Зато уцелели все погреба. Здесь они выкапываются не под домом, как в наших местах, а отдельно, во дворе. Почти все цементированы, крутые лесенки ведут вниз. В таком-то погребе мы и устроились с радиостанцией. Как в блиндаже - выдержит прямое попадание.
Однако снаряды уже не летят и мины не рвутся. Далеко-далско суетливая перестрелка. Немец сбит, откатывается.
Витя Солнышко уже навострил лыжи:
- Пойду прогуляюсь, младший сержант.
- Сиди. Сам хочу прогуляться. В пять ноль-ноль свяжешься со штабом полка.
Я приноровился: как только у Солнышка появляется зуд в ногах, спешу оставить его одного. Радиостанция на его полной ответственности, попробуй только бросить ее. И уж тогда-то он терпеливо ждет, пока я брожу поблизости.
На земле под ногами вызванивают стреляные гильзы. Вонючий дымок тянется от пепелищ. Я направился к окраине деревни, к обрыву, чтоб с высоты взглянуть на тот берег, с которого мы пришли.
Посреди улицы, какой-то плоской и слишком широкой без домов, выкопана большая квадратная яма, - должно быть, немцы готовили себе землянку и не успели ее накрыть.

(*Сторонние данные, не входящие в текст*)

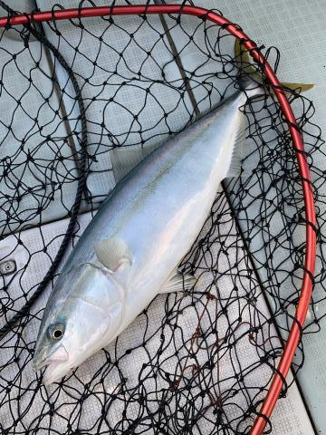 前日より潮が速く、ポイントを換えてハマチの60cm近いのと、越えてそうなのが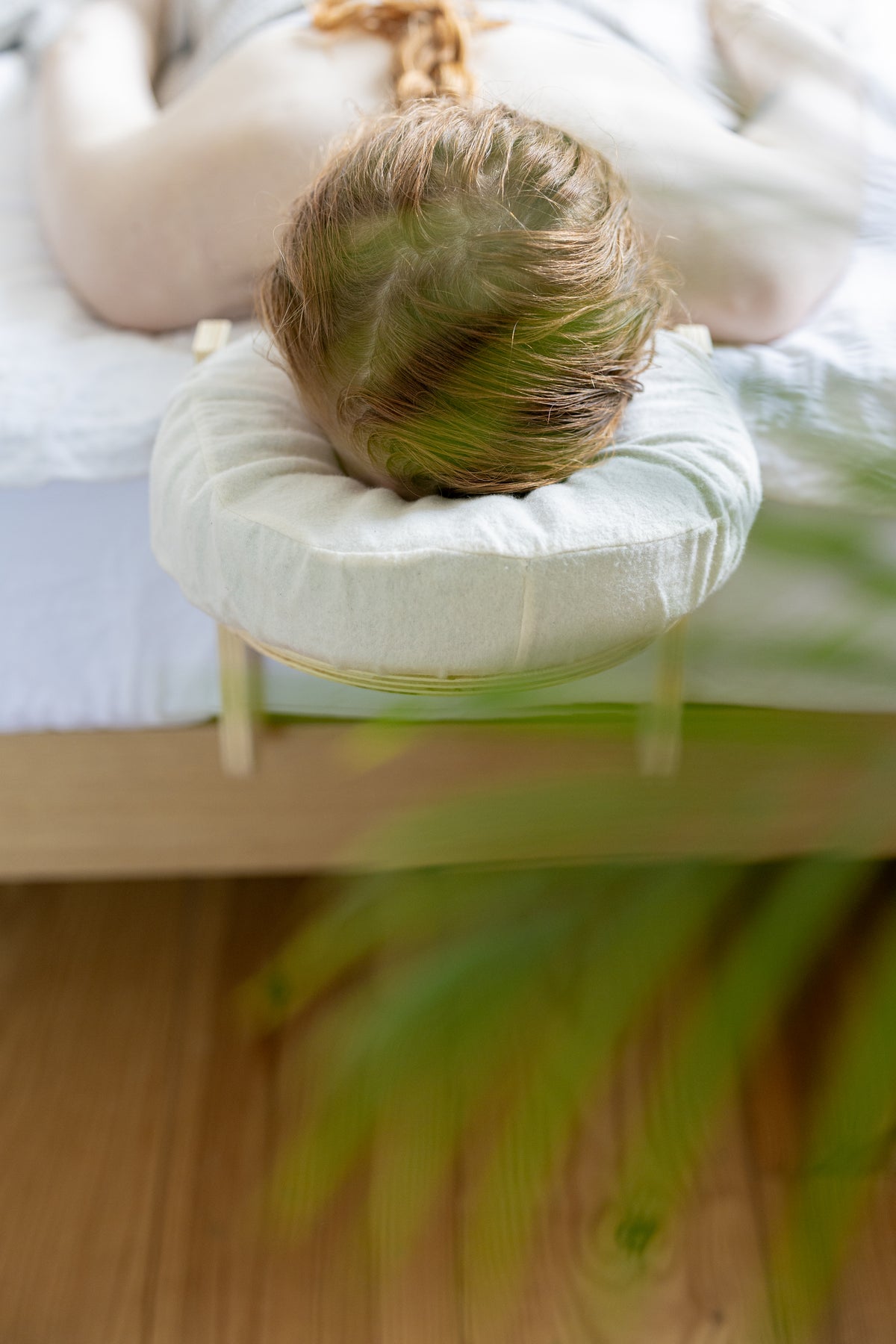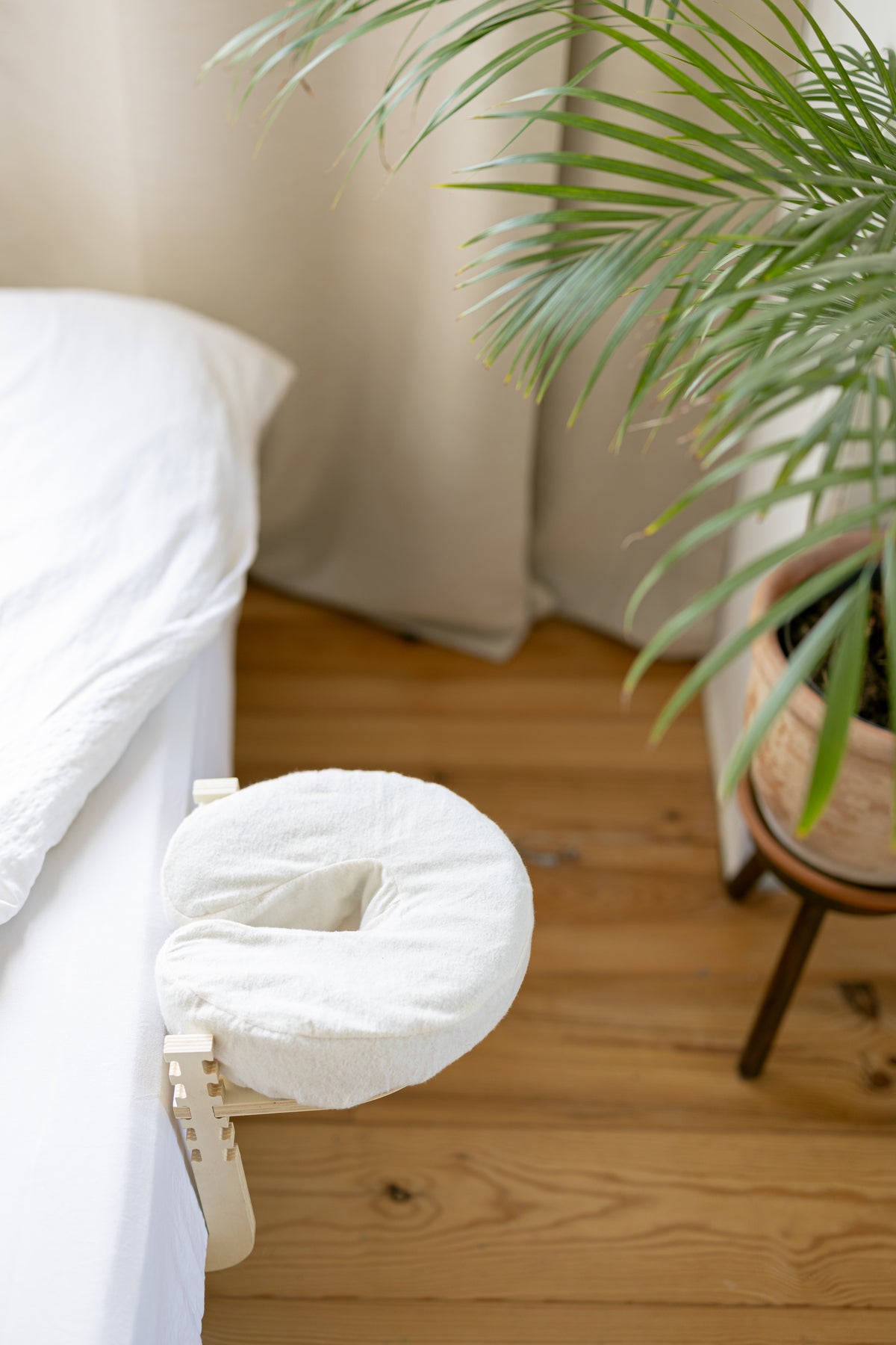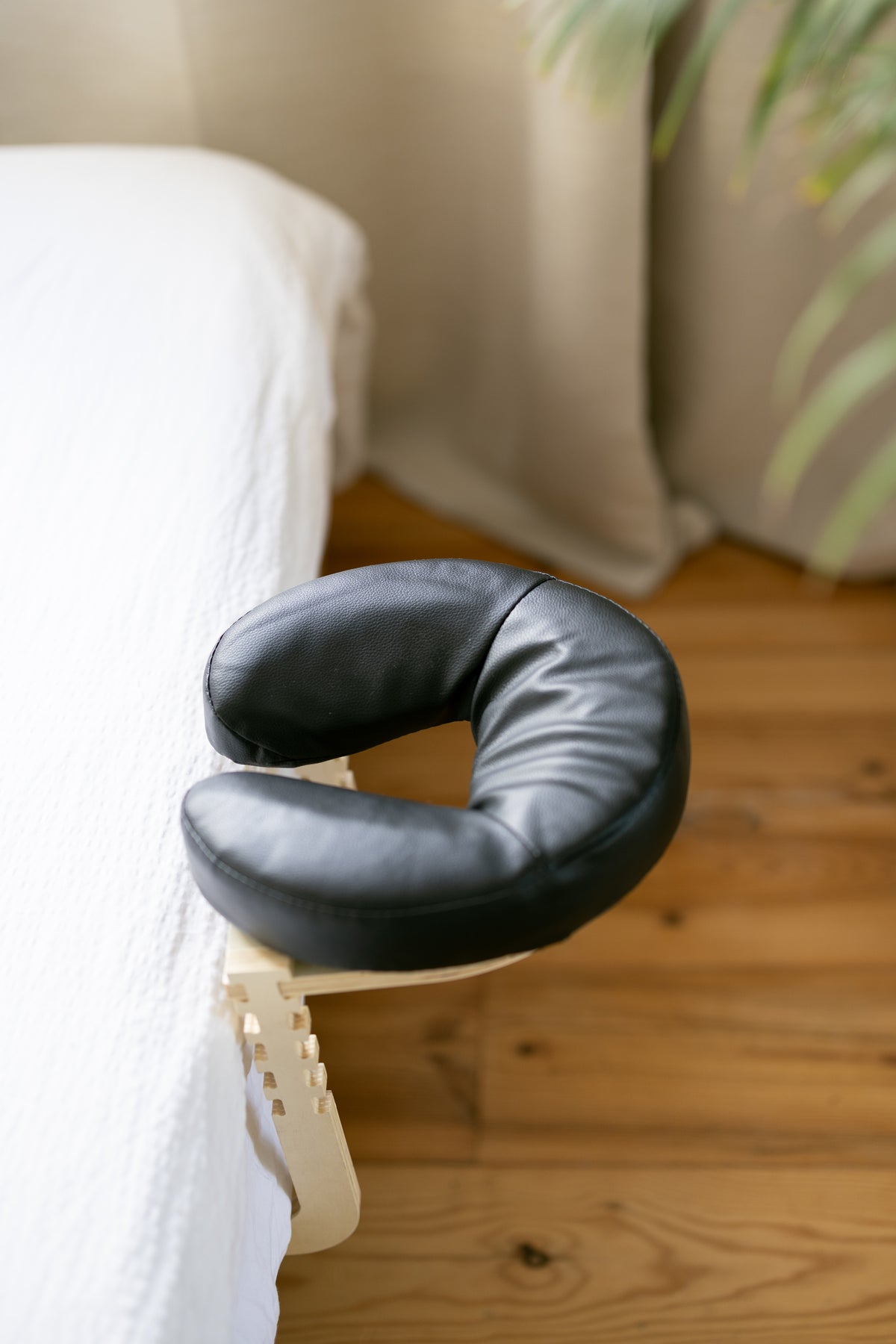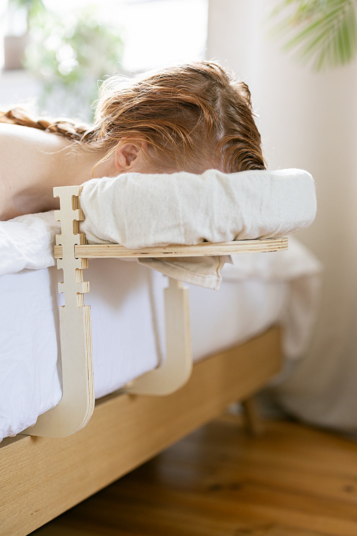 Finalmente uma massagem confortável na cama: A estrutura prolonga o colchão e apoia a cabeça perfeitamente, sem desconforto.

На дне ямы убитый - наш, судя по суконной гимнастерке и синим диагоналевым галифе - офицер. Он лежит раскинув руки, разметав ноги в солдатских кирзовых сапогах, рослый, статный, на груди набор орденов и медалей, курчавая голова откинута назад. Курчавая голова, а лица нет. Должно быть, осколок попал ему в затылок, вышел через лицо - из кровавого месива торчит белая кость.
Я чуть задержался и пошел дальше - мало ли убитых, еще один. Лица мертвых обычно не запоминаются, этот же запомнился мне тем, что у него нет лица.
Вот и окраина деревни, вот сбегающий вниз обрыв, морщинистый, источенный ручьями, что стекают весной к Разумной. А Разумная отсюда приветлива берега опушены кустами, вдоль кустов вьются певучие тропиночки и воронено блестят укромные заводи, в таких неплохо клюют окуньки. За речкой - неистребимо зеленые, выглаженные луга, их дальняя окраина купается в голубом мутноватом мареве, глаз не осиливает толщу прозрачного воздуха. И на эту доверчиво распахнутую землю рядом со мной из окопов, выдолбленных в известковой кромке берега, уставились два пулемета с хищными стволами.
Доверчиво распахнутая земля под стволами. Бежали хозяева пулеметов, стволы молчат, но и в немоте их ощущается ожесточенная злоба.
Я повернул обратно.
Возле знакомой мне квадратной ямы стоит на насыпи солдат, смотрит на убитого кудрявого офицера, свободно разметавшегося на спине.
Солдат - тощий, нескладный парень с длинным, серым от пыли, пятнистым лицом. Он, как пастух на посох, опирается на винтовку, за спиной у него вещмешок с котелком, вид отрешенный, со стороны - ни дать ни взять искушенный человеческими несчастьями библейский пророк.
Кто-то из знакомых забрал документы и вместе с ними - ордена, чтоб сдать в штаб.
Я заглянул под каску в грязное тихое лицо солдата. Длинное лицо не то чтобы печально, скорей терпеливо - парень привык к смерти, привык к крови, если и ужасается, то про себя, знает: кричи, взывай, негодуй - никого не удивишь, не тронешь, не поможешь.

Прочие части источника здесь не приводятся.